The fate of Social Security and Medicare is back in the spotlight less than two weeks before the midterms.

The White House and Democrats have made both entitlements central to their closing pitch to voters, sounding the alarm that a Republican majority in the House would look to cut programs that millions of Americans rely on in a bid to reduce spending.

While some GOP lawmakers have not shied away from talk of altering those programs, many in the party have dismissed the Democratic attacks as a ploy designed to shift attention away from persistent inflation and broader concerns about the economy.

Democrats in recent days have zeroed in on a particularly bleak scenario: that a Republican-led House would hold the debt ceiling hostage, threatening a government default and economic crisis if the Biden administration does not agree to spending cuts.

“[They would] put us in default unless we yield to their demands to cut Social Security and Medicare. They’re so determined to cut Social Security and Medicare, they’re willing to take down the economy over it,” Biden told supporters in Syracuse, N.Y., on Thursday. “There is nothing, nothing that will create more chaos or do more damage to the American economy than that happening, if it were to happen.”

Strategists and Democratic officials view tying Republicans to attacks on Medicare and Social Security as a salient message. Those programs benefit older voters who reliably cast ballots, even in midterm or off-year elections. The programs are also overwhelmingly popular with the public, making proposed cuts or changes politically risky.

A June poll from the left-leaning Data for Progress found large majorities wanted to strengthen Social Security, including 73 percent of independents and 73 percent of Republicans.

As a result, any Republican suggestion to alter Social Security or Medicare has been turned into an attack ad, and the White House has been happy to amplify the prospect of the GOP cutting back entitlement programs.

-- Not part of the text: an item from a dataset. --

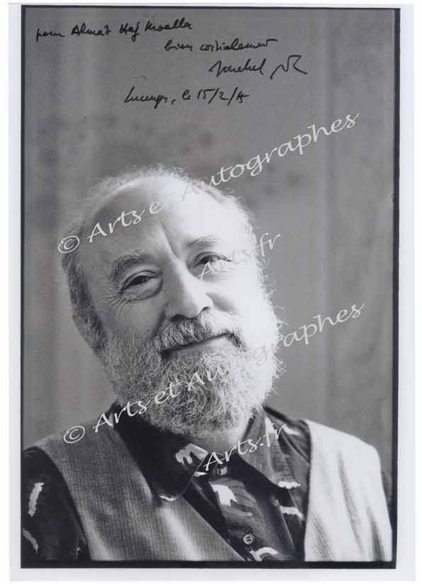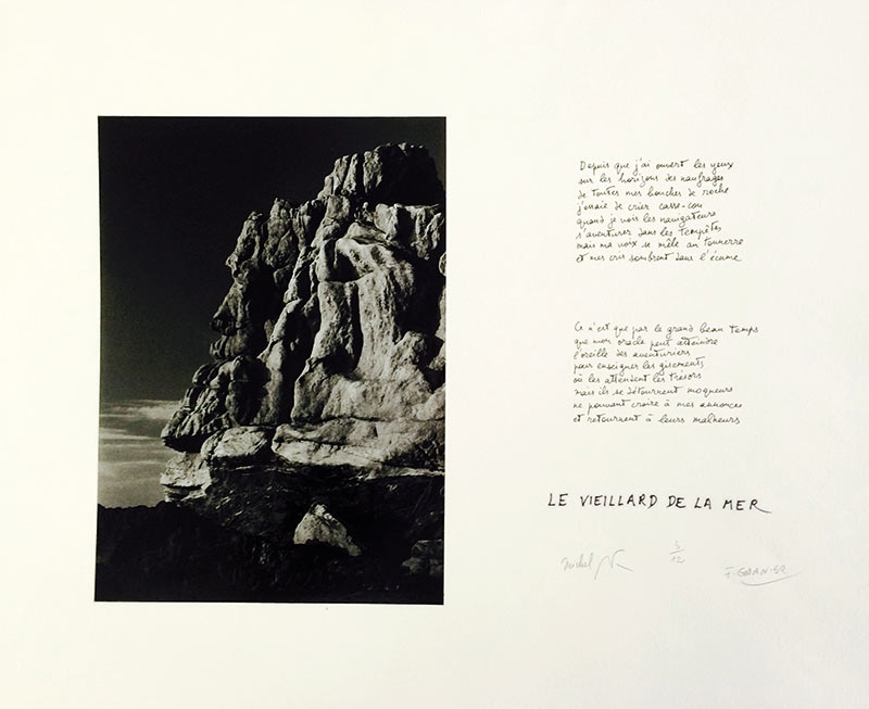 Poème autographe signéPoème autographe signé « Le Vieillard de la mer », illustré d’une photographie de François Garnier. 2003 ; 42 x 50 cm; 12 exemplaires numérotés (3/12). Signature de Michel Butor et François Garnier.« Depuis que j’ai ouvert...

Biden vowed Tuesday to refuse any effort to cut entitlements in the next Congress during an address to the Democratic National Committee, highlighted past GOP comments on the programs during a Thursday appearance in Syracuse, and he tweeted Friday that Republicans “are so determined to cut these programs they’re willing to take down the American economy over it.”

The Democratic Congressional Campaign Committee has run ads in Nebraska’s 2nd Congressional District highlighting Rep. Don Bacon’s (R-Neb.) suggestion to raise the eligibility age for Social Security; in New Hampshire’s 1st Congressional District citing GOP candidate Karoline Leavitt’s stance on privatizing Social Security; and in Michigan’s 8th Congressional District calling attention to Republican Paul Junge’s comments on the need to make changes to Social Security, including by raising the eligibility age.

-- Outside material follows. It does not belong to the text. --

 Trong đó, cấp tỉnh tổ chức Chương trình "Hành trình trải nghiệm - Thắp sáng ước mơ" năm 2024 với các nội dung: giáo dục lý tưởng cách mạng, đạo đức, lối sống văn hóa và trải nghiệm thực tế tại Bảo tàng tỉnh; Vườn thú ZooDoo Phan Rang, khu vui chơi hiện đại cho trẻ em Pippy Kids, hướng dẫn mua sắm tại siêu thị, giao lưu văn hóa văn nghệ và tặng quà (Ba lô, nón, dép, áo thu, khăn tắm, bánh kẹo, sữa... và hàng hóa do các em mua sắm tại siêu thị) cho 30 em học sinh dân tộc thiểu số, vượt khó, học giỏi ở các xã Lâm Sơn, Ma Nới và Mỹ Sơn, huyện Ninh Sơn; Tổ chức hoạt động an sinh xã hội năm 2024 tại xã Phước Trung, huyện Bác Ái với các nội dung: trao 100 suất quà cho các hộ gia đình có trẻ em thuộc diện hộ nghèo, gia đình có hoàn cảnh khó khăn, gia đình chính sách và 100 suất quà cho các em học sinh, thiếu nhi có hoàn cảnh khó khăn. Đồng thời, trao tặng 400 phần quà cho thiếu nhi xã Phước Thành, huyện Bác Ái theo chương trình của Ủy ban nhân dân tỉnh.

Republicans have long advocated for reduced spending, and some in the party have argued entitlement programs like Social Security and Medicare have gotten too big or should be restructured or privatized to ensure they remain solvent.

Much of the focus during this election cycle has been on a proposal from Sen. Rick Scott (R-Fla.), the head of the Senate GOP campaign arm, released in February. The 11-point plan to “Rescue America” included a proposal to sunset government programs every five years, meaning lawmakers would need to vote to extend Medicare and Social Security.

Biden on Thursday also cited comments earlier this year from Sen. Ron Johnson (R-Wis.), who suggested funding for Social Security and Medicare should be approved yearly through the budgeting process.

But with majorities in the House and Senate within reach, GOP officials have treaded carefully around Scott’s proposal and avoided committing to changes to entitlement programs.

Multiple lawmakers, including those in the running to chair the House Budget and House Ways and Means committees, have spoken about the possibility of entitlement reform as a way to rein in spending.

House Minority Leader Kevin McCarthy (R-Calif.) said last week he would not “predetermine” any potential plans around cutting entitlements or tying them to the debt ceiling. But a day later he sought to tamp down concerns, saying he meant he would not raise the debt ceiling without a discussion around reducing spending.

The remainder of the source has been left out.